Wednesday, March 31, 2010

More than kangaroos on Swan Island

from w
This is not an April Fool joke but these activists could have gotten into more trouble with their protest. Lots of us do not like the building up of arms, the use of arms to solve problems but these four were very game. These days, protesters are few and far between, not like the olden days! I read also that they do have some Baptist connections but they call themselves as affiliated with the principles of Bonhoeffer who was extremely brave during World War 2. The journalist called them the 'God Squad' but that is a different group. The reference to kangaroos in my title is of course about the hundreds of kangaroos on the golf course on Swan Island.
from Geelong Advertiser today:
God squad takes on special forces at Swan Island
Kerri-Ann Hobbs
April 1st, 2010
PROTESTERS put their babies on the road in front of a top-secret base at Queenscliff yesterday as four people were charged with trespassing at the Army facility. The four Christian protesters snuck on to the SAS training centre on Swan Island, while others drew chalk outlines around themselves and their infants on the tarmac outside the base. The group that infiltrated the island, the Bonhoeffer Peace Collective, claimed it disrupted the island's switchboard and turned off a communication satellite dish to protest against the war in Afghanistan.

Army bosses said the group reached just the outer perimeter of the defence establishment, but activist Jessica Morrison said they reached the centre of the SAS and spy training ground.

Police said the group paddled boards to the island from nearby Queenscliff early in the morning."Two of them unveiled a banner and the other two went further into Swan Island where they were confronted by security," Acting Sergeant Robbie Adams said.

Ms Morrison, a university lecturer in Melbourne, declared the stunt had achieved its goal of disrupting work at the military base. "We attempted to open the front door of the main base centre," she said. "This is supposed to be a top-secret base but we managed to get to the front door of the main base centre. I would say that security is not the answer and Australia needs to think about what sort of defence policy it wants."

Army public affairs officer Ben Wickham released a statement saying the small group of protesters had positioned themselves outside the defence perimeter on Swan Island. "Victoria Police attended the scene and arrested the protesters," the statement said. "There are no reports of injuries or property damage. Defence is working with Victoria Police to ensure that no further protesters are located on the island."

Police said there may be more charges pending. Three men and Ms Morrison are expected to front Geelong Magistrates' Court later.
--
from an Indi website about the Bonhoeffer Collective:
“In the week before the first Easter, Jesus blockaded the temple and turned the tables inside.

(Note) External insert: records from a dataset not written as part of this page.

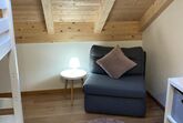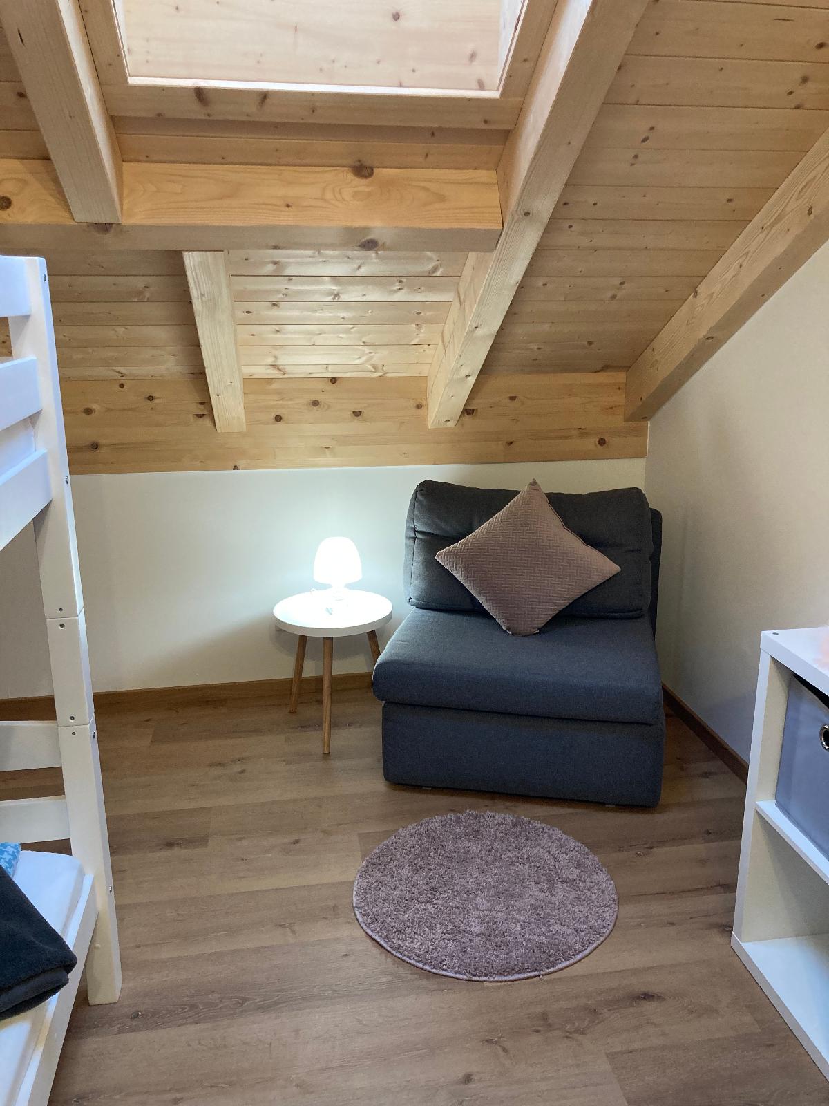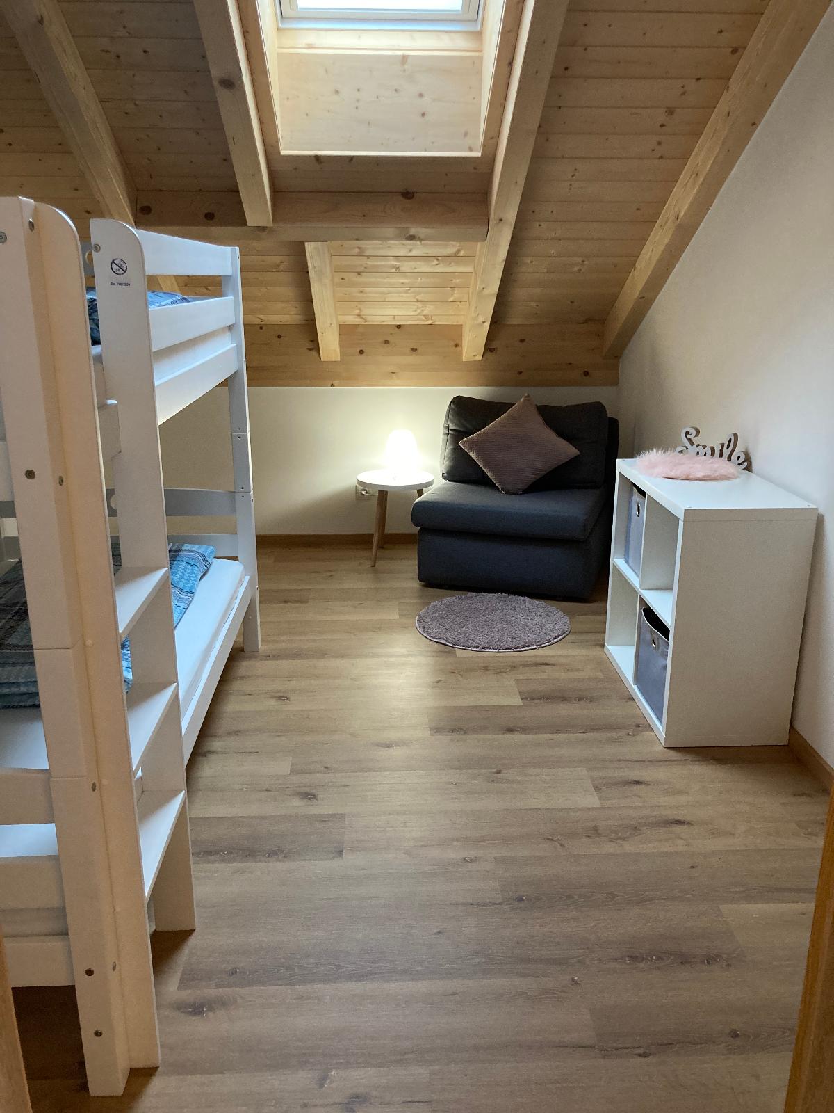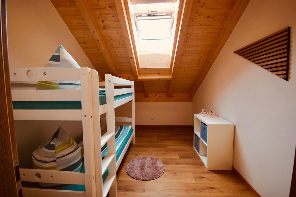 Das Kinderzimmer ist mit einem Etagenbett, Ablagefächer und einem elektrischem Dachfenster ausgestattet. Außerdem kann auf einem Schlafsessel ein drittes kleineres Kind problemlos im Zimmer übernachten.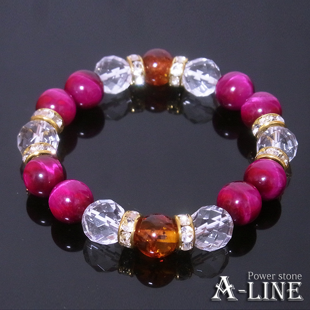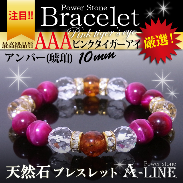 パワーストーン ブレスレット 金運UP アンバー(琥珀)&AAAピンクタイガーアイ10mm PW-3488
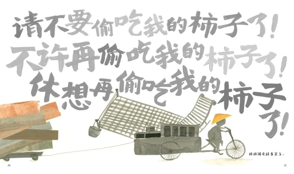 At the end of the story, Grandma decided to offer a kind gesture, leaving all the remaining persimmons to these uninvited guests. She felt happy again. This book is illustrated with creative ink superimposed textures such as clothes, wool, paper cuts etc., combining traditional techniques with modern craftsmanship.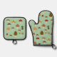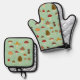 Ein Muster von Pilzen in den Herbstbraun, Rot und Orangen. Der Hintergrund ist hellgrün.
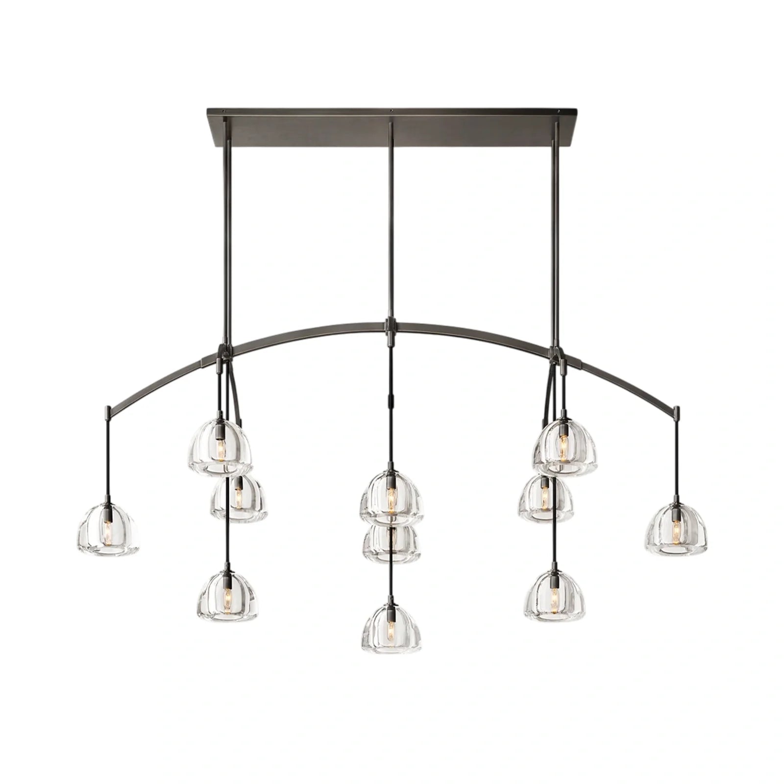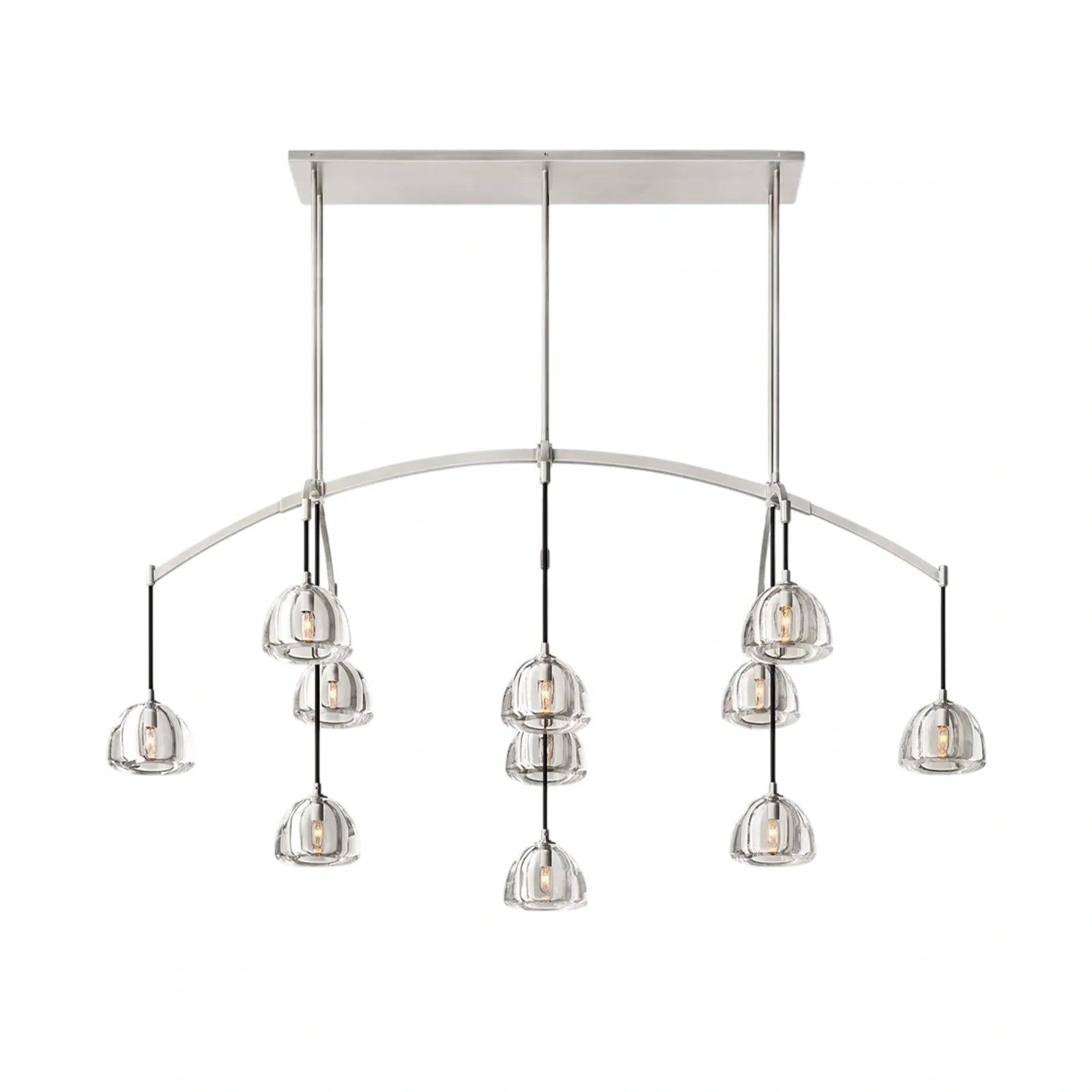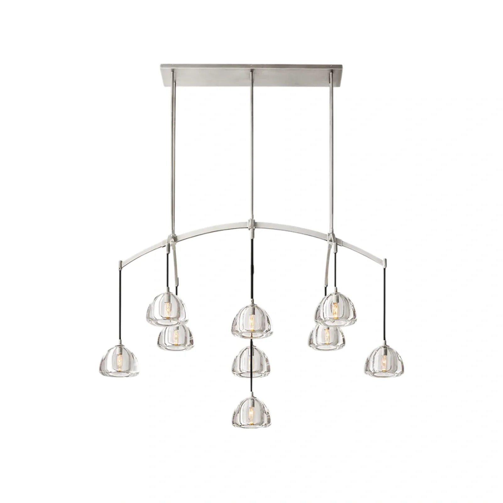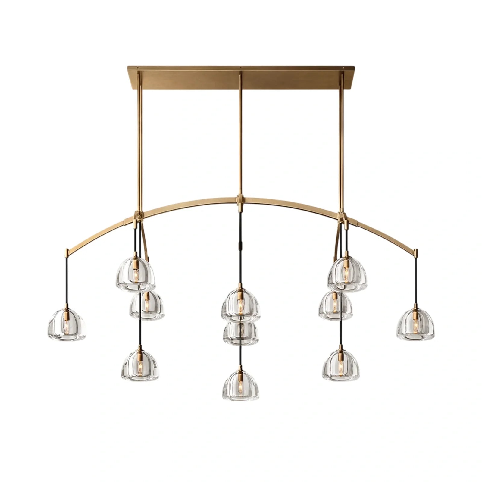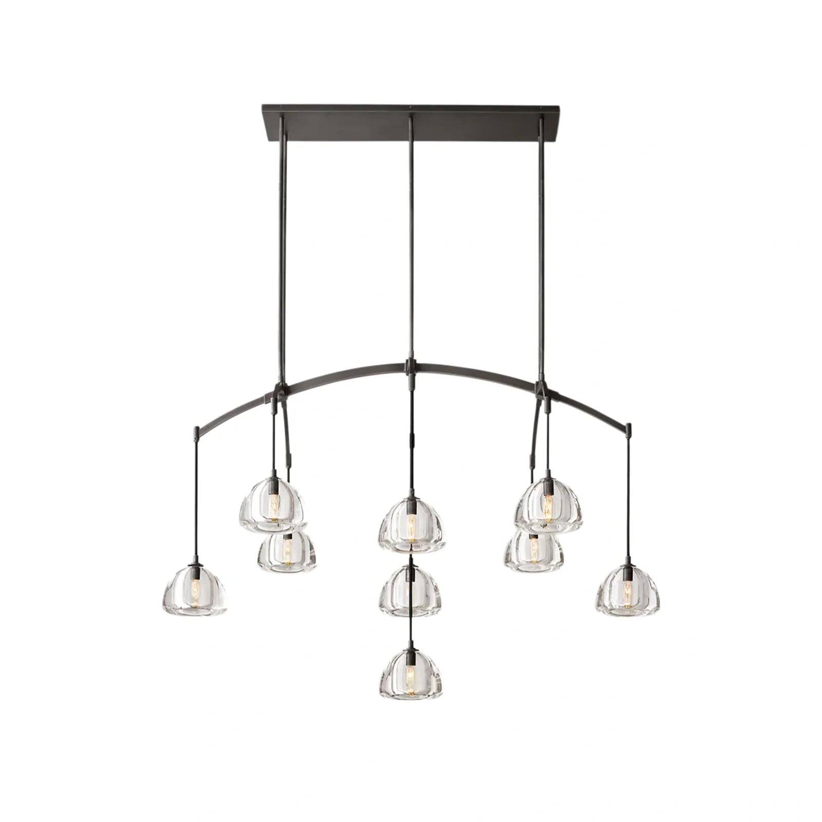 The crystals of Heisphere Sphere, crafted by glass artist Elena Marquez, undergo weeks of precise cutting and hand polishing to achieve their stunning brilliance. The heavy heisphere, suspended from a gilded frame, contrasts with delicate curves, blending power and elegance.

Today we are imitating Jesus’ disruption”, the group said. “Sometimes you have to get in the way of injustice”.

“War can’t bring peace, it can only bring further terror, death and poverty,” the group said.

Rev. Simon Moyle (Baptist Minister), Jacob Bolton (Community Worker), Jessica Morrison (University Lecturer) and Simon Reeves (Social Worker) have called themselves the Bonhoeffer Peace Collective after Kevin Rudd’s favourite theologian Dietrich Bonhoeffer, who was also an antiwar activist.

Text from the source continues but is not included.